Здесь я расскажу один из случаев приезда благочинного в с. Вознесенье. Дело было в 80-х годах. В это время в нашем округе исправлял должность благочинного свящ[еника] Евгений Славин* изо дня на день дожидавшийся указа консистории об утверждении в должности благочинного. Имея дядю в лице члена консистории, он высоко поднимал голову и обращался, особенно с низшими членами причта, среди которых были в то время и кончившие курс семинарии, надменно, а иногда даже не прочь был поиздеваться над ними… В год моего окончания курса, летом, когда я жил дома, мне пришлось быть свидетелем встречи этого благочинного. Как только стало известно,

*Евг[ений] Ив[анович] Славин кончил семинарию в 1860 году, о нем есть кое-что в «Воспоминаниях причетнического сына».

Л. 15

что благочинный явился в наше село, причт в полном составе отправился в церковь. Ради любопытства и я пошел туда. При входе в церковь меня поразило прежде всего полное освещение церкви. Даже в паникадилах горели свечи. Духовенство встретило благочинного при входе в церковь, причем псаломщики пели входное «Достойно есть». Благочинный прошел на солею и стоял пред царскими вратами, пока не было закончено пение. Затем он прошел в алтарь. Встав перед престолом, он потребовал епитрахиль, чтобы осмотреть св[ятой] антиминс. Епитрахиль была подана, но благочинный со словами «к черту» бросил епитрахиль на пол. Ему подали более лучшую. Но псаломщики после выходки благочинного, вышли из алтаря и встали на клиросе. Чтобы понять несколько поведение благочинного в данном случае, я должен сказать, что из соседнего села он явился навеселе, что было заметно по

Л. 15 об.

всем его действиям и движениям. Осмотрев главный престол, благочинный пошел в приделы. Нужно было петь тропарь в честь праздника придела. Псаломщики молчали. Благочинный грозно крикнул на них. Но они продолжали сопровождать его молча. Пел один диакон.

Ревизия кончилась. Сопутствуемый священниками, благочинный направился в дом старшего священника, кстати сказать, своего родного дяди*. Здесь благочинный разошелся уже вовсю. Он послал за псаломщиками. Те явились и поклоном приветствовали своего начальника. Но благочинный не удовлетворился этим. Он потребовал, чтобы псаломщики подошли под благословение, но последние отказались. Благочинный в это время сидел или, вернее сказать, лежал на диване. Встретив отпор со стороны псаломщиков, он соскочил с дивана и затопал на них,

*Свящ[енник] Илья Яковлевич Попов[17], старший брат еписк[опа] Павла[18], бывшего первого вологодского викария. Умер при этой церкви в сане протоиерея.

Л. 16

угрожая немедленным доносом архиерею. Тогда один из псаломщиков сказал: «Сегодня, о. благочинный, вы очень храбры, завтра вы не решитесь этого сделать, а впрочем, попробуйте», — и с этими словами все три псаломщика вышли из дома. Конечно, вся эта история кончилась ничем, и благочинный оказался в самом глупом положении. Вскоре о. Славин был уволен от исправления благочиннических обязанностей, и проявлять свое властолюбие и самодурство ему уже более не пришлось.

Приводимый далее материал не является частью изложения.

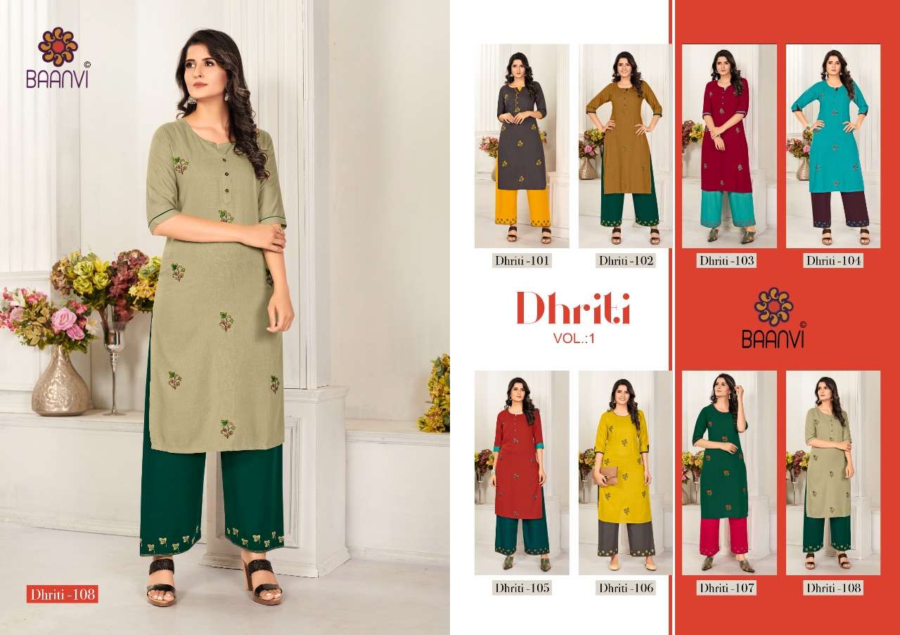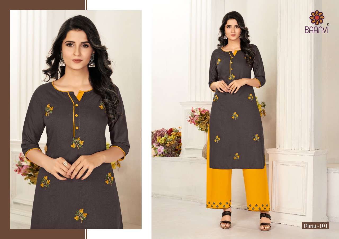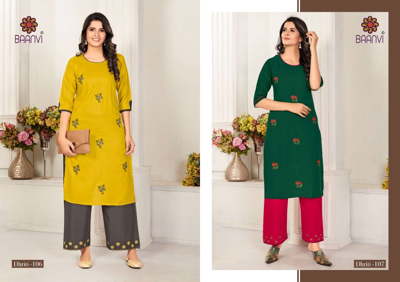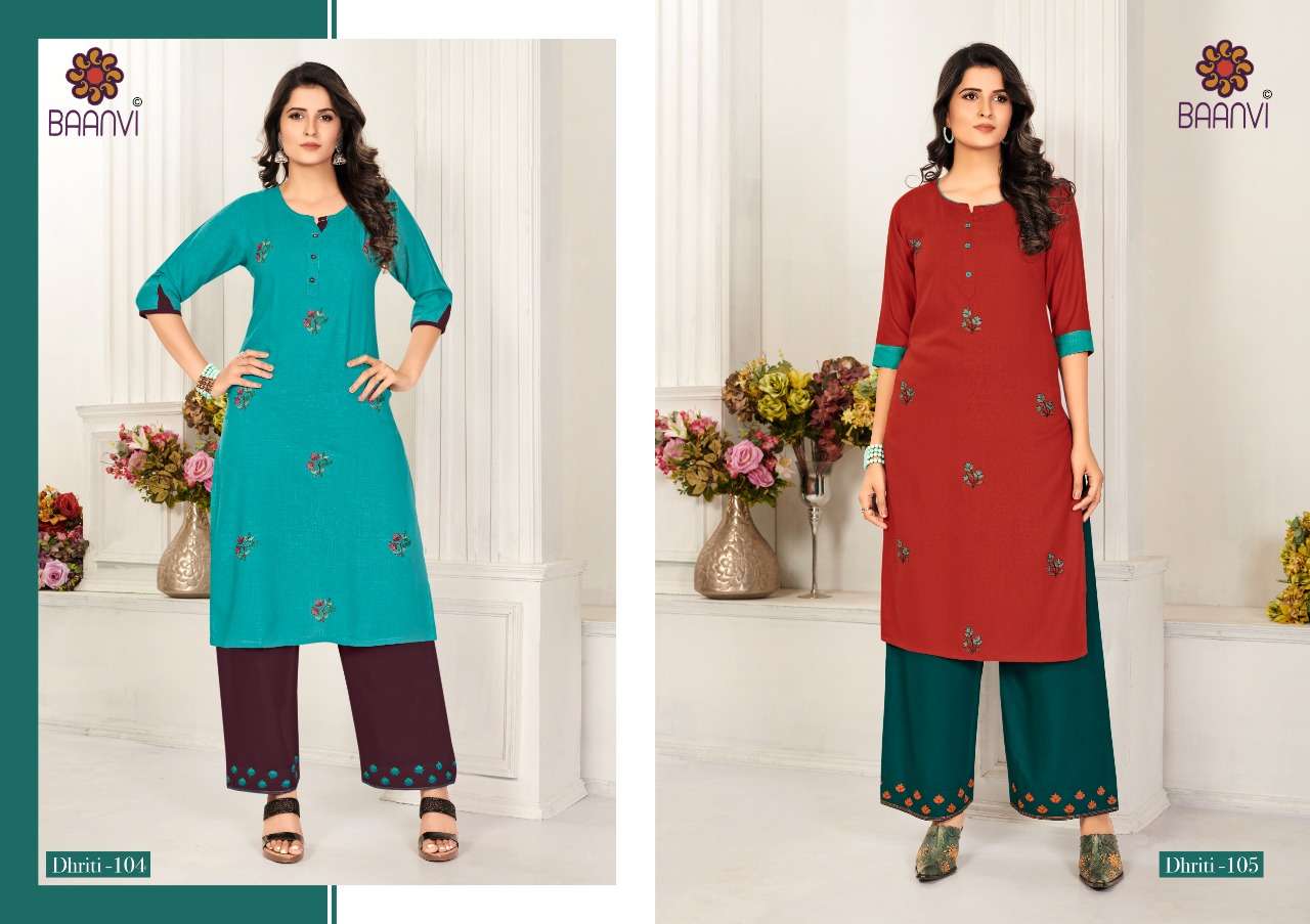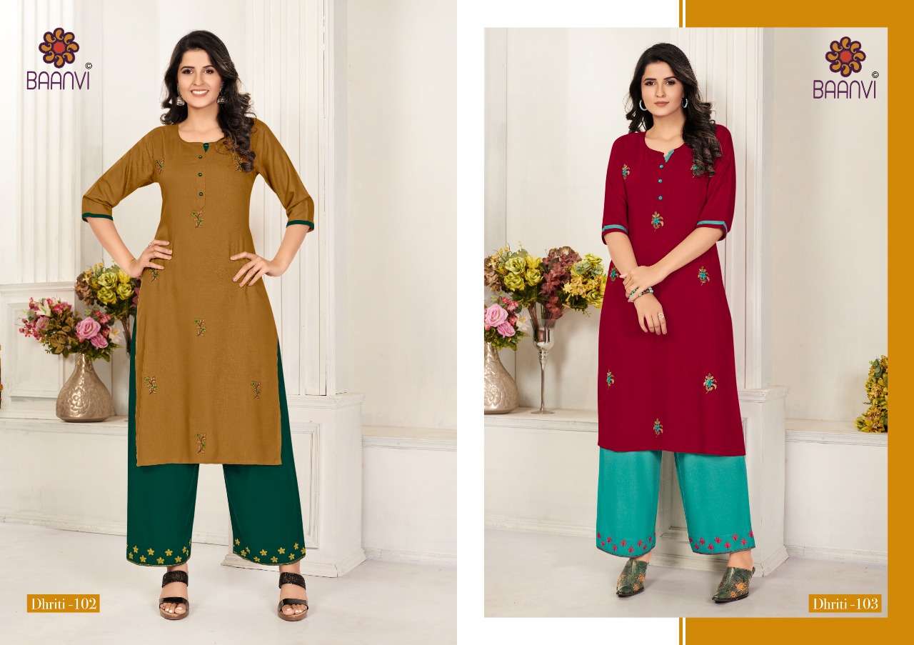dhriti vol 1 by baanvi rayon casual wear kurti with plazzo supplier
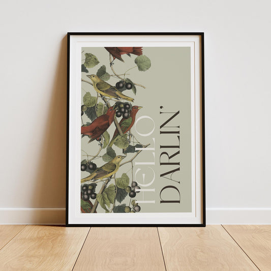 Hello Darlin' - 01 Poster: Botanical Art Print, Vintage-Inspired Nature Poster, Elegant Modern Home Decor, Muted Colours, Rustic Chic Decor
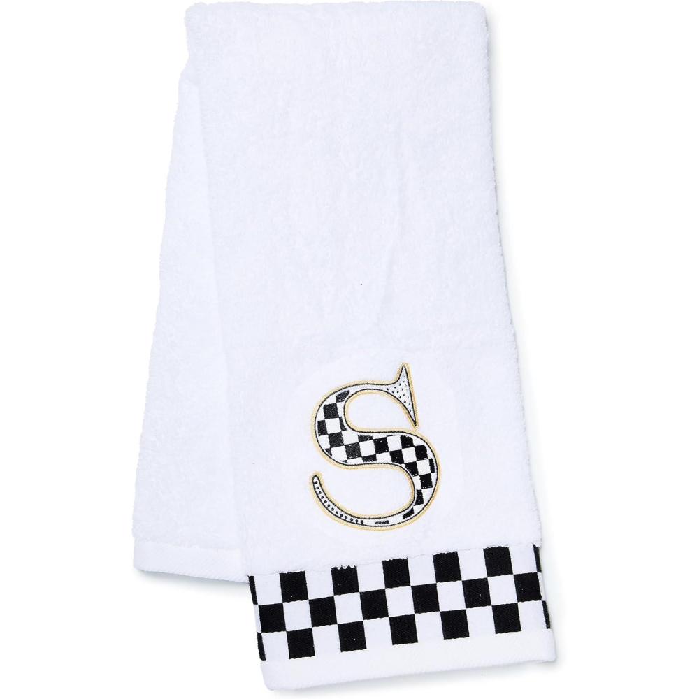 ELEGANT WASHROOM DECOR: Our monogrammed towel features a letter of the alphabet filled with our signature black-and-white patterns above a checkered border. This accent makes any restroom or guest bath feel like a luxury space in an instant.
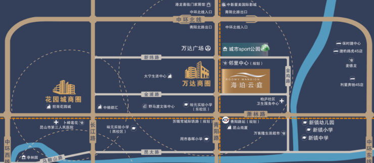 自驾 :紧邻青阳北路(双向六车道)、萧林路,2公里内接入中环快速路,15min直达昆山核心商圈。
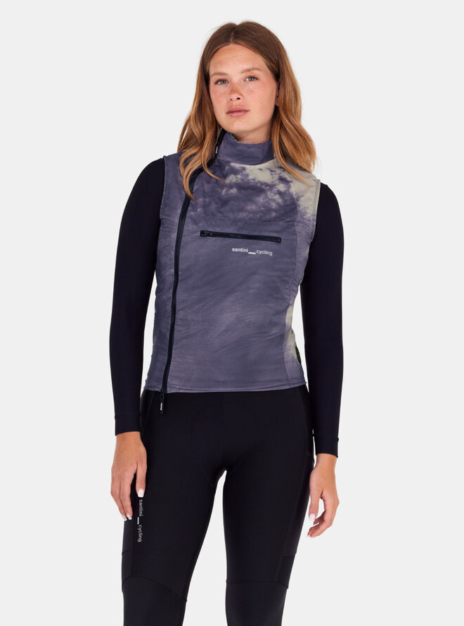 SANTINI Alpha Insulatedje inovativní unisex vesta pro náročné cyklisty, kteří hledají spolehlivou ochranu v přechodném počasí bez omezení svobody pohybu. Vnější vrstva z lehké tkaniny odolné proti větru a chladu chrání před větrem a chladem, zatímco vnitřní izolace Polartec® Alpha™ s vlnou Merino udržuje tepelný komfort bez přehřívání nebo nadměrného objemu.
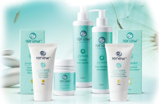 Торгова марка Renew також не залишилася осторонь. Її бестселером стала серія Propioguard - високоефективна лінія препаратів для проблемної шкіри з акне. Практично у всіх засобах серії в складі присутня саліцилова кислота. Особливою популярністю серед прихильниць косметики Ренью користується комплексний розчин для пілінгу для всіх типів шкіри Propioguard Complex Peel Solution, багатофункціональний нічний крем Propioguard Multifunctional Accelerative Cream і зволожуючий денний крем потрійної дії Propioguard Sunscreen Triple Active Day Cream. Відносно недавно компанія випустила тональний крем Propioguard MAKE-UP TREATMENT CREAM, який не тільки добре маскує недоліки, а й завдяки доданим до його складу корисним компонентам (в тому числі і саліцилові кислоті), нормалізує водний баланс шкіри, зменшує вироблення себума, має протизапальну дію.

Возвращаюсь к прерванному рассказу. За отличие мое пред благочинным в ближайший праздник я получил от отца денежную награду «на пряники». На пряники и разные другие сладости получать деньги то от отца, то от матери мне приходилось нередко. Однако никаких сладостей на эти деньги я не покупал. В базарные дни, каковыми у нас были суббота и воскресенье, около церкви в особых балаганах

Л. 16 об.

производилась торговля иконами и житиями святых в маленьких брошюрах, какие встречаются в продаже и теперь. На покупку этих брошюрок — житий святых я и расходовал свои денежные сбережения. Помню, мне пришлось купить краткое описание жизни и подвигов старца Серафима Саровского. Какую-то особенную отраду испытал я при чтении жития этого подвижника. С этого времени я всем сердцем полюбил этого угодника и искал случая еще и еще что-н[ибудь] почитать или слышать о нем. С чувством сердечного удовлетворения я остановлюсь на этом периоде своей жизни. Я успел прочитать массу житий св[ятых] угодников Божиих и благодарю Бога, вложившего в мою детскую душу мысль покупать не пустые, в роде сказки о Бове Королевиче, книжки. Впрочем, должен

Л. 17

сказать, что по чьему-то совету я купил сказку «Конек-Горбунок»[19]. Сказка эта мне настолько понравилась, что я почти половину ее знал наизусть.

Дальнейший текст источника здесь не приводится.